4,000 data centers and nowhere to plug in
There are over 4,000 data centers humming across the United States right now. Together, they consumed an estimated 176 terawatt-hours of electricity in 2023, roughly 4.4% of the nation's total. By 2028, that number could double. The International Energy Agency projects that data centers will account for almost half of all U.S. electricity demand growth through 2030. And communities across the country are starting to say: not here. The AI boom's dirtiest secret isn't the models, the training runs, or the benchmark scores. It's the electricity bill. And it's rewriting the politics of where and how technology gets built.
The numbers are staggering
In April 2026, the U.S. Energy Information Administration projected that national power consumption would hit 4,244 billion kilowatt-hours this year, rising to 4,381 billion kWh in 2027, both record highs. The primary driver? AI and data center expansion. Global data center electricity consumption reached approximately 415 TWh in 2024, about 1.5% of the world's total electricity use, growing at 12% per year. The IEA's Electricity 2026 report found that U.S. electricity demand is now growing at roughly 2% annually, more than double the pace of the previous decade, with data centers responsible for nearly half of that increase. A single hyperscale data center can draw more power than a small city. An AI training cluster consumes seven to eight times more energy than a typical computing workload. And these facilities aren't slowing down. OpenAI's Stargate project, backed by $850 billion in planned buildouts, represents an energy appetite equivalent to 17 nuclear power plants.

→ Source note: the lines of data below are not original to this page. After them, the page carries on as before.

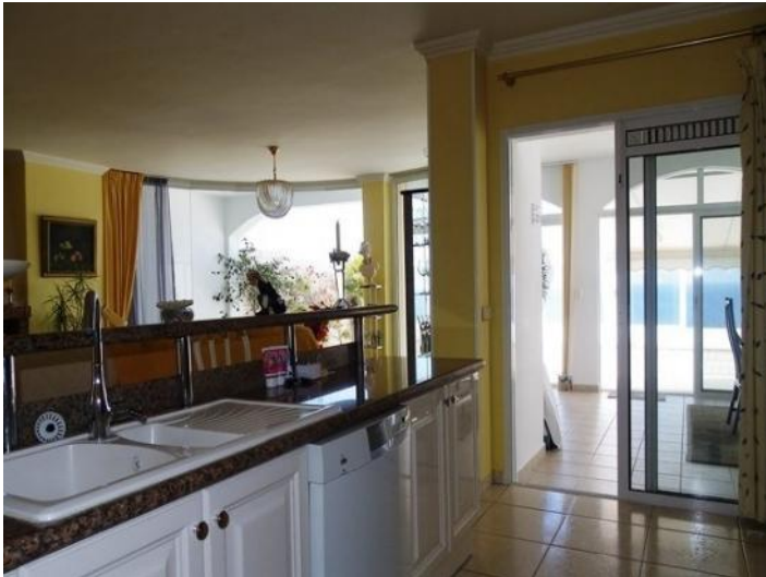
Much light, in the integrated kitchen of the living-room area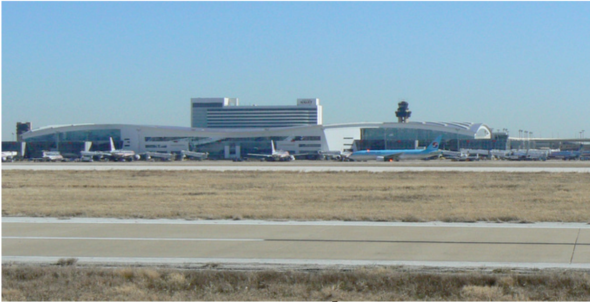
One of the New DFW Terminals with ATC Tower in background.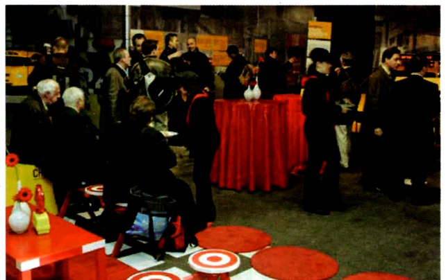
The Taxi 07 Exhibit's Opening Night Party was sponsored by Target.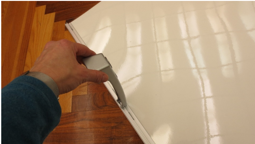
Remove by lifting up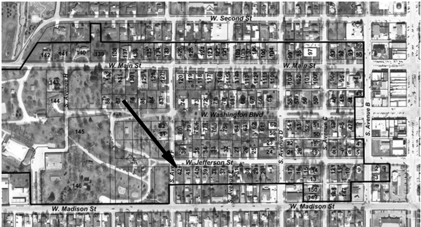
2009 aerial photograph (Washington County) – line indicates survey/research area boundary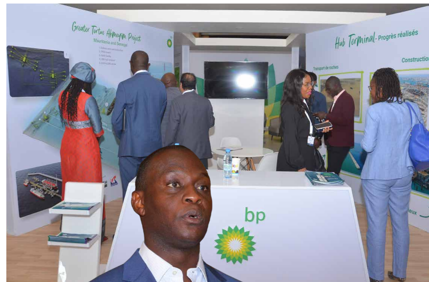
The bp stand at MSGBC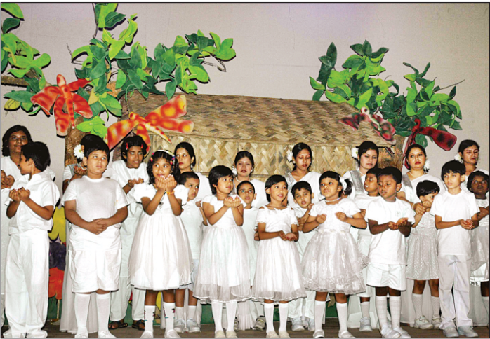
Students and teachers of Kanan perform at the programme

AWF also held a two-day fair, featuring handicrafts by the autistic children, starting from yesterday at the organisation's school at Shyamoli.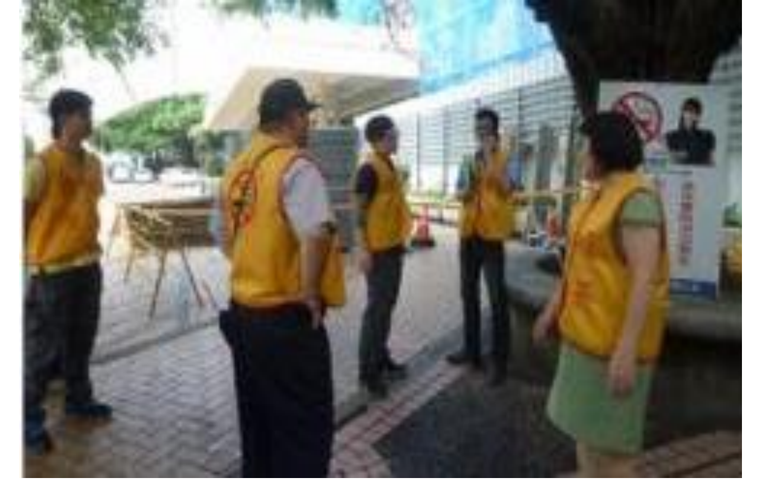
Our tobacco-free patrol team is working everyday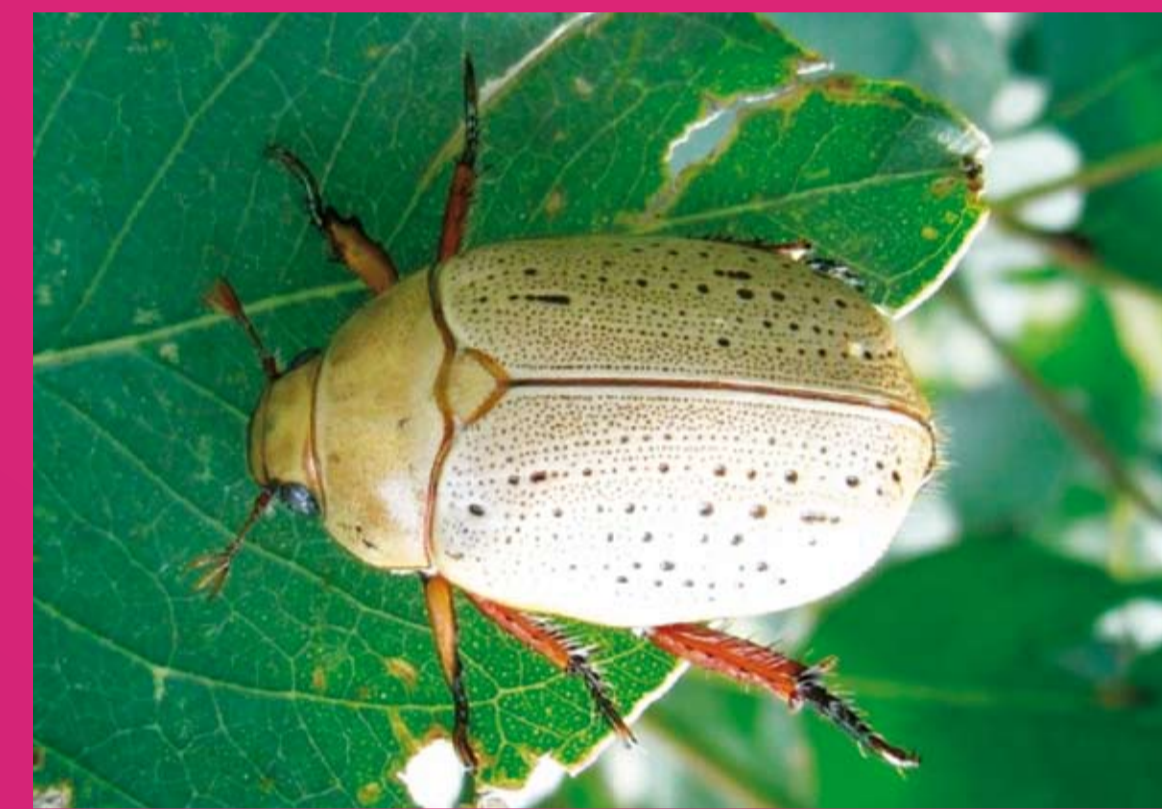
Christmas Beetle ( Anoplognathus porosus )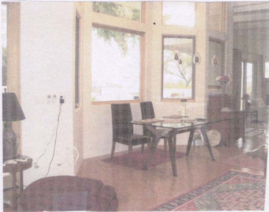
BAY – INTERIOR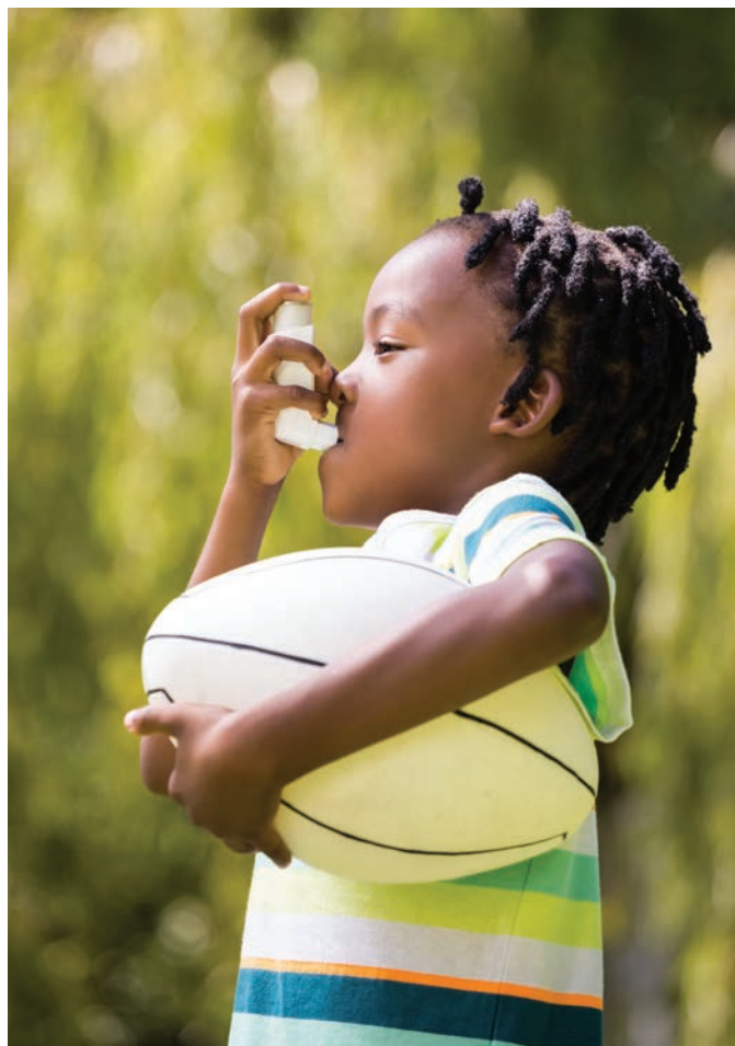
Air pollution exposure can lead to significant risk for developing respiratory disease and cancer. Children are especially vulnerable.

Children are especially vulnerable to the effects of toxic air pollution. In addition to daily exposure to toxic pollution in the

The NIMBY movement meets Big Tech
Between March and June of 2025, advocates and residents delayed or blocked $98 billion worth of proposed data center projects across the United States. A Morning Consult survey found that 41% of American voters now favor banning AI data centers near where they live, up from 37% just a month prior. The resistance is organized and effective. In Imperial County, California, residents filed paperwork in early 2026 for a ballot initiative called the "Imperial County Data Center Prohibition Act," aiming to block data centers in the county altogether. In Maine, state legislators advanced a bill to temporarily ban new data center construction until November 2027. Senator Bernie Sanders and Representative Alexandria Ocasio-Cortez introduced the Artificial Intelligence Data Center Moratorium Act in Congress. This isn't abstract activism. Local communities are waging what Harvard researchers described as a David-and-Goliath fight against some of the wealthiest companies in the world, and they're winning. New data center capacity under construction in primary U.S. markets actually declined in the second half of 2025, the first drop since 2020, even as demand for compute surged. The vacancy rate hit a record low of 1.4%. Wall Street has noticed. The New York Times reported that tech companies may not be able to build at the pace they promised investors. The concerns are concrete. Data centers strain local power grids and drive up electricity prices for surrounding households. They consume vast quantities of water for cooling. They take up land. And the irony isn't lost on the people fighting back: some activists are now using ChatGPT itself to draft their opposition letters, organize campaigns, and analyze zoning documents. AI, powered by data centers, being used to fight the construction of more data centers.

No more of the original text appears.